Now think about the previous question and let me see the hands of those who believe each company has a total of $50,000,000 in coverage applicable to the damage (assuming no exclusions apply). Aha, almost all of you. Unfortunately, the insurance companies disagree. Here's the story.
Policyholders say, "Look, my policies all say they will pay 'all sums' and all that has to happen in order for those policies to be 'triggered' is that at least part of the total damage must occur during the policy period. I calculate my exposures and buy my policies on a year-by-year basis. Therefore, since all the policies are triggered, I should be able to pick any year during the span of damage and call upon those insurers to pay all or any part of the damages." This is called "vertical allocation" and is sometimes referred to as the "pick and choose" or "joint and several" theory.
Insurance companies say, "No, that's not right. First, you have to exhaust all the limits of all the primary coverage you bought over the span of the damage. This means that nonsettling primary carriers give excess carriers an excuse for not paying. Once the primary has paid, however, each excess policy contributes on a pro-rata basis until each policy is exhausted." Think of a coverage chart that spans the 10 years as a glass container into which you pour water. The water seeks its own level and rises all across the chronological span of coverage. As coverage years "fill up," more water is pushed to the remaining columns. This is known as "horizontal" exhaustion and is sometimes referred to as the "beaker" theory or the "bathtub" theory.
As long as the policyholder gets the benefit of all the coverage it purchased, it doesn't particularly make any difference. Here's the rub, however. Some courts have held that in years in which the policyholder purchased "insufficient" coverage (as determined by a special master appointed by the court), then the policyholder has to contribute to the loss in the same degree as that "insufficiency" bears to the total damages. So, in our example, let's suppose that the special master rules that both companies could have purchased $10,000,000 in coverage for each of the 10 years in question. Horizontal allocation with a penalty for under-insurance would then mandate that Company B receive only 10 percent of its insurance proceeds, or $5,000,000. It is held responsible for the entire $5,000,000 allocated cost in all years except 1995 because it is treated as the "insurer" of up to $10,000,000 in each of those nine years (see Figure 1). Company A, by contrast, would have to participate in the layers excess of $3,000,000 and $4,000,000 in 1989-1992 and would receive only $44,000,000 in spite of the fact that it had purchased $50,000,000 in coverage, all of which was triggered (see Figure 2).

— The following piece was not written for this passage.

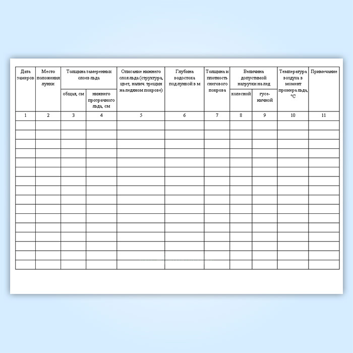 Журнал промеров толщины льда и определения грузоподъемности ледяного покрова в Обнинске купить
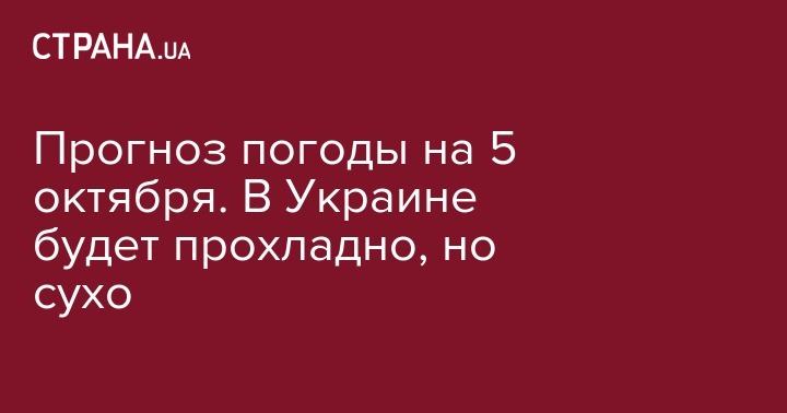 Погода в Украине сегодня, 5 октября, будет на всей территории Украины солнечной и сухой, но уже довольно прохладной. Об этом информирует Укргидрометцентр.

Had risk managers known of this potential in 1993, how in the world would they have decided what limits to purchase? They would have had to compare all the coverage they had purchased in the past with what might have been available (arguable at best) and then plan their future purchases as well. Suppose also that the maximum limits were calculated on the basis of "maximum probable loss." If future events proved that amount to be insufficient, and if some court determined that higher limits were available, then the insured would suffer not only the penalty of insufficient limits but would also be required to be a co-insurer in the lower layers.
But as if that were not bad enough, another element has entered the picture. That element is insolvent insurers, of which there are many. Now some courts are saying that having an insolvent insurer in any of these layers of coverage places policyholders in the same position as if they had purchased no insurance at all for that layer. Therefore, they become subject to the aforementioned under-insurance penalty in horizontal allocation. So, not only must policyholders be prescient and therefore able to perceive what limits they will purchase in the future, they must also be omniscient and able to know what limits of coverage were available in the past and what will be available in the future. Surely the only way to do that is with the help of Alice's famous looking glass.
In summary, then, under the "horizontal" theory of allocation, you must first settle with all of the primary carriers that issued policies during the span of the damages, and then you must contribute with the excess carriers in any years in which you are deemed by some judge not to have purchased adequate coverage. All this in spite of the fact that you have paid a premium for every policy and that every policy, under its specific terms, is triggered and responsible for paying "all sums" which you are legally obligated to pay as a result of the long-term occurrence. Make sense? Hardly.